Here is a short, elementary, and self-contained proof of the result you wanted to prove. It is similar to the one given in Maz'ya's book, but simpler.
For a related post see: https://mathoverflow.net/a/297392/121665
If $f\in L^1_{\rm loc}$ or even if $f$ is a distribution and $\nabla
f\in L^p$, then $f\in L^p_{\rm loc}$.
This follows from the fact proven below. For $1\leq p\leq \infty$ define
$$
L^{1,p}(\Omega)=\{ f\in \mathcal{D}'(\Omega):\, \nabla f\in L^p(\Omega)\},
\quad
W^{1,p}(\Omega)=\{ f\in L^p(\Omega):\, \nabla f\in L^p(\Omega)\}.
$$
Similarly we define spaces $L^{1,p}_{\rm loc}$ and $W^{1,p}_{\rm loc}$.
Theorem. $L_{\rm loc}^{1,p}(\Omega)\subset W^{1,p}_{\rm loc}(\Omega)$ for $1\leq p\leq\infty$.
Remark. By induction the result generalizes to spaces with higher order derivatives.
In the proof we will need the following well known result.
Lemma. If $u\in W^{1,1}(\mathbb{R}^{n})$ then $$ u(x)= \frac{1}{n\omega_{n}}\int_{\mathbb{R}^{n}}\frac{(x-y)\cdot \nabla u(y)}{|x-y|^{n}}\, dy \quad \text{a.e.,} $$ where $\omega_n$ denotes the volume of the unit ball.

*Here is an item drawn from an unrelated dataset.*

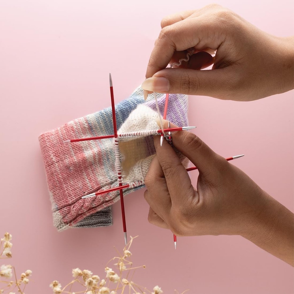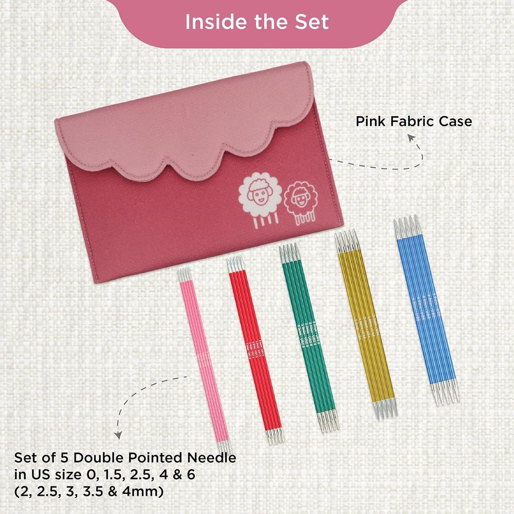 Starter Set Includes: Zing Double Pointed needles are available in 5 popular color-coded sizes, ranging from US size 0 to 6 (2mm to 4mm), perfect for knitting circular items like socks, gloves, mittens, beanies, etc. Superior Grade Lightweight Aluminium: Manufactured from superior grade lightweight aluminium, Zing Double Pointed Needles in this set are feather-light and run effortlessly through all kinds of yarns without causing discomfort or hand fatigue. Smooth Finish: Zing Double Pointed Needles feature a satin-smooth finish and are ideal for hours of pleasurable knitting. The yarn glides effortlessly through the needles without snags or pulls and helps create beautiful knitted projects. Laser-Printed Needle Sizes: Each pair of knitting needles is laser-printed with sizes that remain legible throughout the project. The marking on the needles ensures better readability and needle identification. Aesthetic and User-Friendly Packaging: This set comes in an aesthetically designed fabric case for easy storage and organization of knitting needles and accessories. The bright hue on the case and the adorable sheep motif adds a touch of playfulness to your knitting.

Proof. By a density argument it suffices to prove it for $u\in C_0^\infty(\mathbb{R}^n)$. Let
$s\in S^{n-1}$ (unit sphere). We have
$$
u(x)=-\int_{0}^{\infty}\frac{d}{dr}u(x+rs)\, dr=
-\int_{0}^{\infty}Du(x+rs)\cdot s\, dr.
$$
Taking the average with respect to $s\in S^{n-1}$ we get
(recall that the volume of $S^{n-1}$ equals $n\omega_n$)
$$
u(x)=-\frac{1}{n\omega_{n}}\int_{S^{n-1}}\int_{0}^{\infty}Du(x+rs)\cdot
s\, dr\, ds
$$
and the lemma follows after substituting
$x+rs=y$, so $dy=r^{n-1}drds$, $s=(y-x)/|y-x|$,
and $drds=|x-y|^{(1-n)}dy$. $\Box$
The lemma can be seen as the
integral representation of the Dirac $\delta$ distribution.
Corollary.
$\sum_{i=1}^{n}\partial K_{i}/\partial x_{i}=\delta$, where $K_{i}=n^{-1}\omega_{n}^{-1}x_{i}|x|^{-n}$.
$\Box$
Proof of the theorem.
Suppose that $u\in L^{1,p}(\Omega)$. Let
$V\Subset V_{\varepsilon}\Subset\Omega$, where
$V_{\varepsilon}=\{ x\, |\, {\rm dist}\,(x,V)<\varepsilon\}$ and let
$\varphi\in C_0^\infty(\Omega)$, $\varphi|_{V_{\varepsilon}}\equiv 1$. It suffices to
prove that $w=\varphi u\in L^{p}(V)$. In other words it suffices to prove
that the distribution $\varphi u$ when restricted to $V$
can be represented by a certain $L^{p}(V)$ function.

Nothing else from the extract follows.